Con los grandes dramas de la humanidad, guerras, hambrunas, seísmos, ocurre que nos afectan en tanto en cuanto se nos trasladan en imágenes y se nos reiteran en los medios. Ocurre, también, que para que esos dramas acaben preocupando y ocupando a la sociedad necesitan adquirir el carácter de primera noticia con el riesgo de recargarse de un morbo añadido y de sensacionalismo.

El drama de los millones de migrantes que desde hace décadas cada día huyen de guerras, miserias o dictaduras ocupa el interés de las gentes por oleadas, por impulsos informativos como si se les despertase del plácido sopor del bienestar cotidiano. Esta vez ha sido el Aquarius, anteayer el cadáver del niño Aylán, ayer las cuchillas de la valla de Melilla. Todo ello con el fondo del llanto de los miles de niños separados de sus padres inmigrantes por un nuevo desatino de Donald Trump. Pasada la primera impresión, ausente ya ese impulso inicial de conmiseración, dejamos de pensar en qué pasará mañana con los que llegan a la orilla andaluza o canaria, con los que se ahogan en la fosa común del Mediterráneo porque nadie, ninguna embarcación amiga o solidaria, se cruzó en su ruta incierta y desesperada.

Solo una mirada a los rostros de los 46 subsaharianos a los que un autobús procedente de Armería descargó en la estación de Donostia, podía darnos a entender el estupor, el desamparo y la incertidumbre de una gente que imaginaba haber colmado ya el límite de sus desgracias después de salvar la temeraria travesía de la patera, después de abonar casi con sangre el peaje a los que trafican con su huida de la miseria, después de ver su sueño convertido en pesadilla.

Solo entonces, cuando lo vemos, cuando lo olemos, cuando el drama está tan cerca de nuestros ojos, llegamos a conmovernos y hasta se nos despierta el instinto de ayudar, de hacer algo, de demandar que vengan y que vengan más. Pasado el primer shock, desaparecidas de las portadas las imágenes del desembarco, internados se supone que de forma temporal en recintos semicarcelarios, mientras se aclara cuál de las instituciones debe ocuparse de su atención, preferimos no pensar en que las migraciones de la miseria a la opulencia son uno de los más graves problemas de este tiempo.

Pocas veces nos paramos a pensar que el senegalés, o maliense, o sudanés, que nos aborda medio disfrazado de aborigen y nos ofrece sus abalorios con una sonrisa mientras cenamos, o tomamos una caña en una terraza, puede ser el mismo que cruzó el Estrecho en la patera, o el que se rajó la pierna con la concertina, o el que perdió a toda su familia en una guerra que no era la suya. El vendedor de baratijas, o el mantero, o el temporero sin papeles, son solo una muestra del sector posiblemente más humilde del migrante desesperado. Hay otros muchos, cada vez más, que por distantes y menos aparatosos no los teníamos tan en cuenta pero comienzan ya a resultar un grave problema para la Europa de la abundancia, dispuesta a cerrar los ojos para que no vean y quitárselos de encima. Pagando, por supuesto, pagando, pero cerrándoles el paso.
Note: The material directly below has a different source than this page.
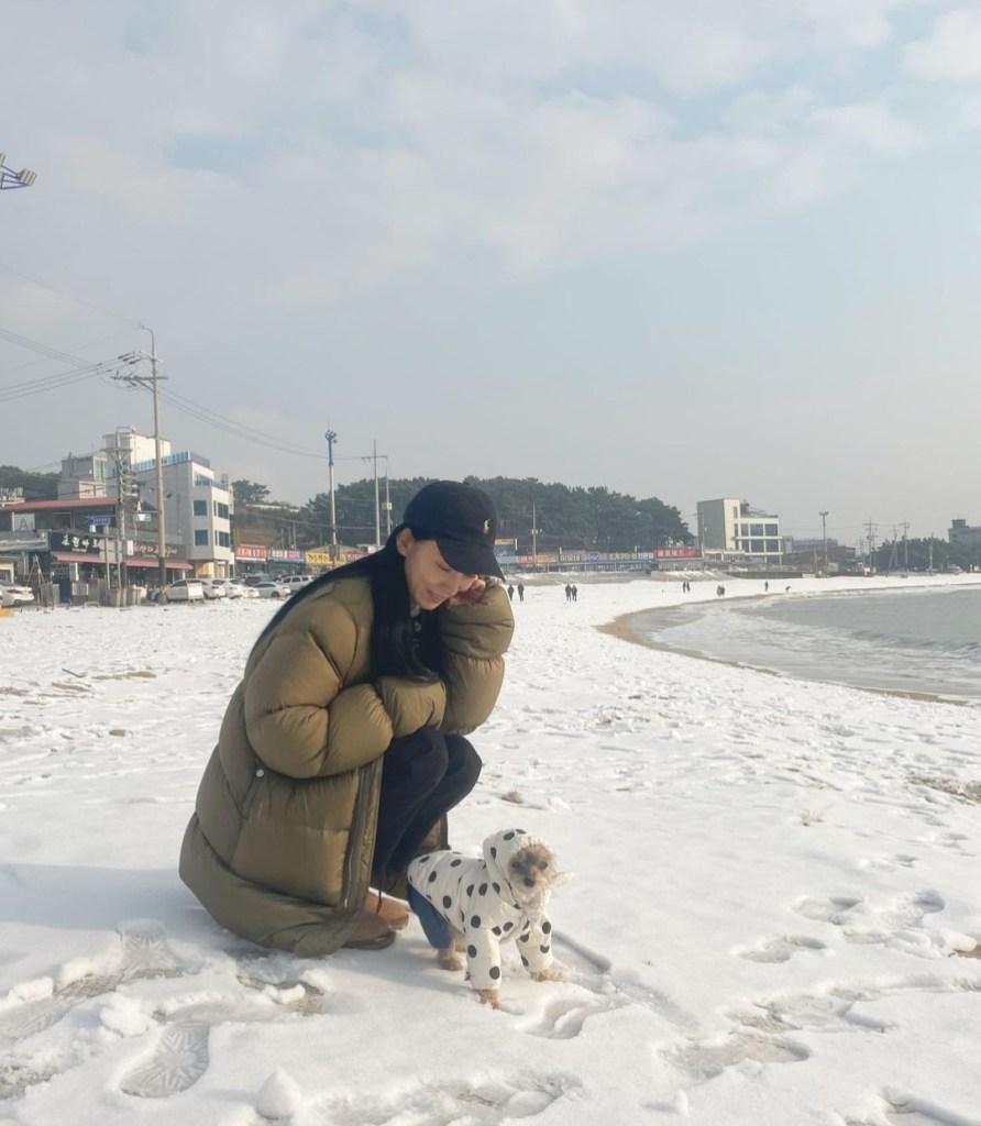 Kim Seo-hyung goes outdoor with her pet for a snow experience. This year, she played a wife with an illness in Watcha’s Recipe For Farewell.
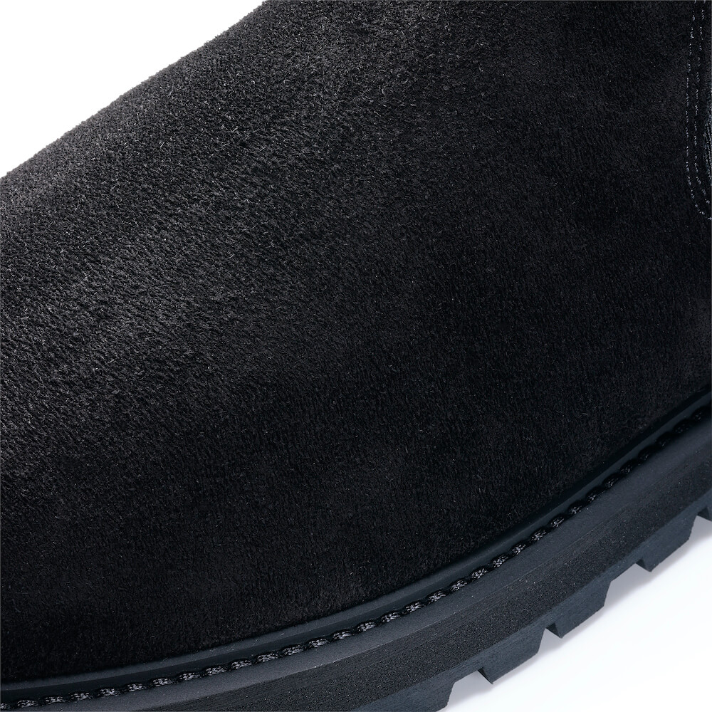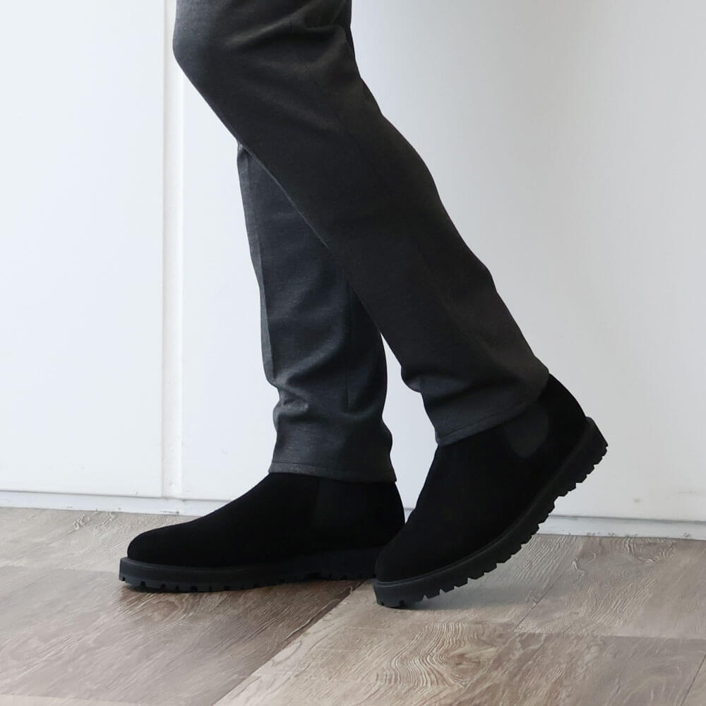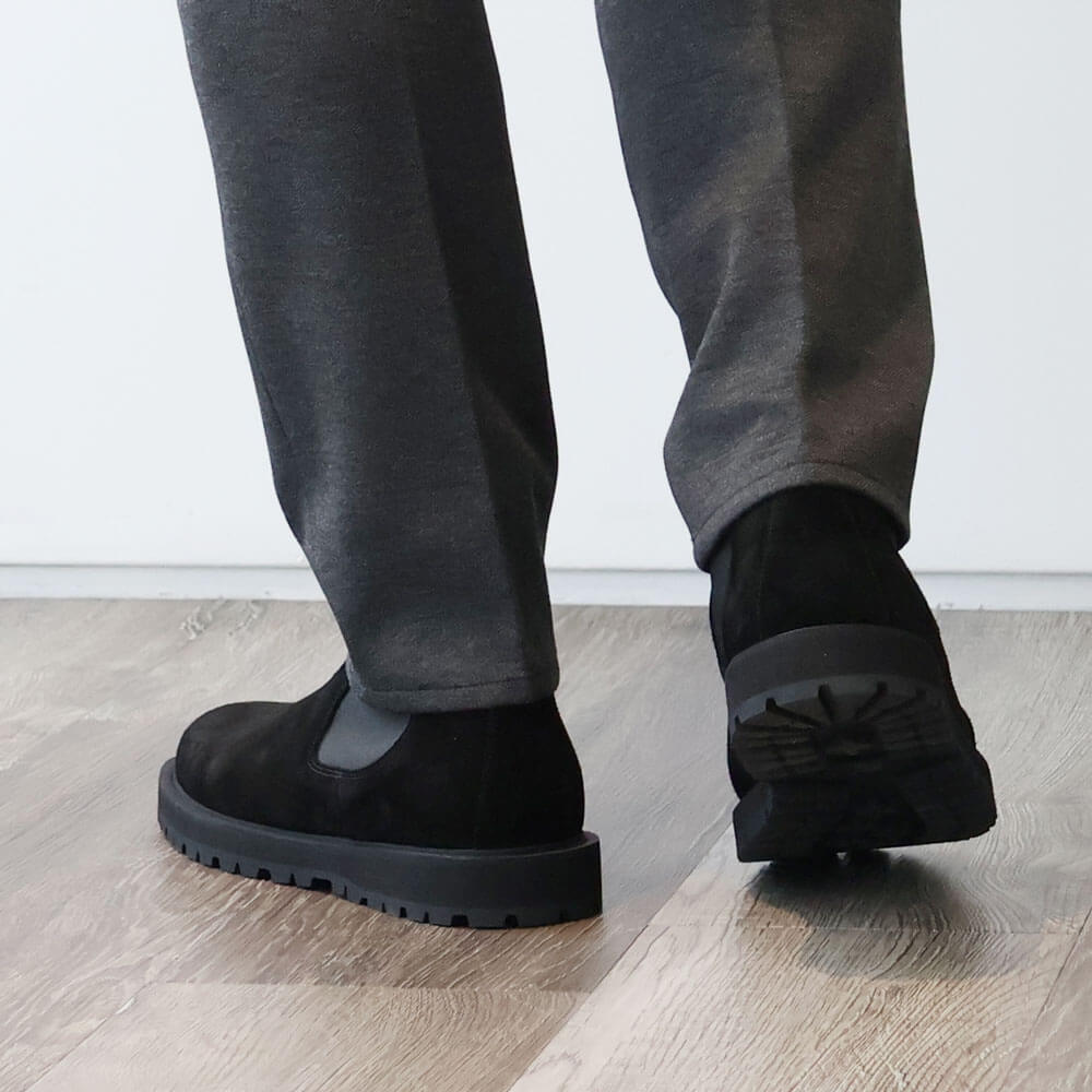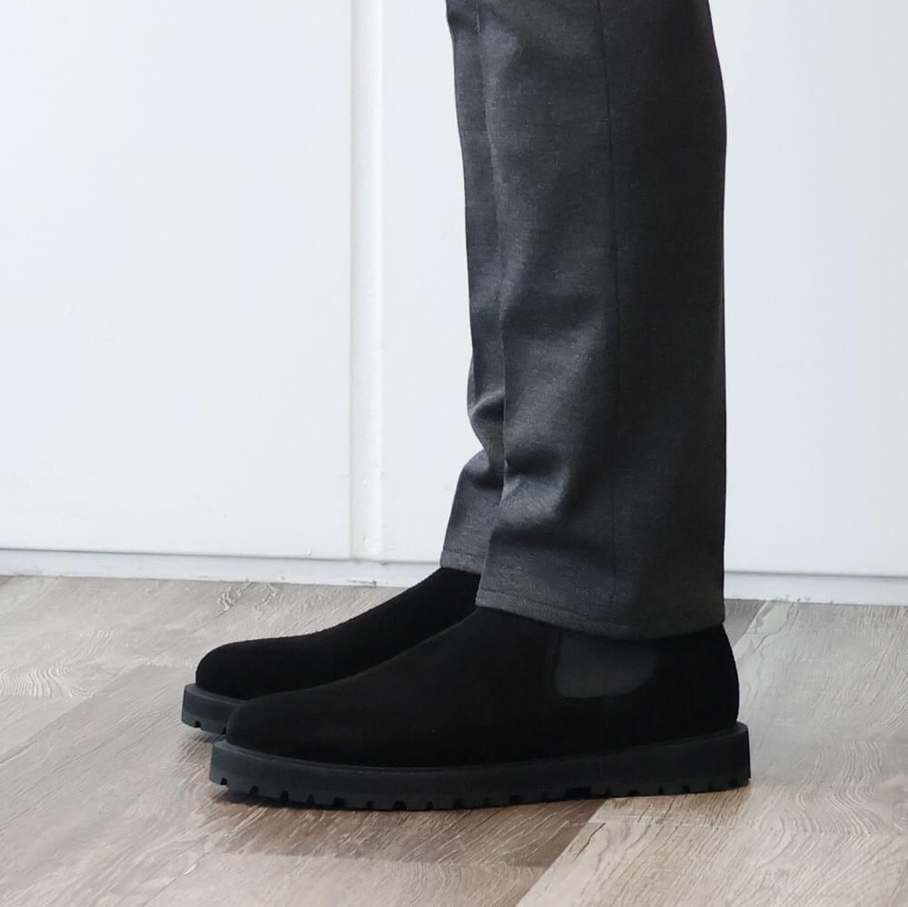 ・サイドゴアブーツの脱ぎ履きのしやすさに大きく関わるシャフト(筒)は、長さ/幅ともに秀逸。フィット感が強過ぎない幅、裾が引っ掛かりづらい長さがあり、プルストラップを備えています。

Cierto que en Euskal Herria los niveles de inmigración son todavía reducidos y soportables, pero comienzan a comprobarse entre nosotros señales incipientes de xenofobia. Desde el recelo sobre su acceso a las ayudas sociales, la prevención sobre su presunta conducta delincuencial, el prejuicio sobre su no integración, hasta el temor a las consecuencias de su eventual radicalidad, es frecuente que en el debate coloquial sobre el fenómeno que suponen los millones de migrantes y refugiados se encuentre uno con el xenófobo incipiente que te dice: “Si tanto te gustan, llévatelos a tu casa”.

A racistas y a olvidadizos, aunque nuestros ojos no vean, habrá que recordarles que los migrante son personas, no números. Cada pasajero del cayuco, cada superviviente de la patera, cada interno en el centro de acogida, tiene un nombre, una familia entre la que nació, creció y penó. Cada uno de los miles de inmigrantes que sumaron la cifra que hoy suman, quienes se lo jugaron todo por salir del hambre y la desesperación, cada uno de ellos, tiene su memoria, recuerda sus cuentos infantiles, canta sus canciones, añora a sus amigos, sueña con sus cosas y llora sus ausencias. Cuando les vemos, extenuados, arropados con la manta de la beneficencia y confortados con la taza de leche reglamentaria, no son parte del cupo negociable con sus países de origen. Son personas de apariencia variopinta, con otro color de piel, de quienes tenemos conocimiento solo por que huyen de la miseria. Pero no son números.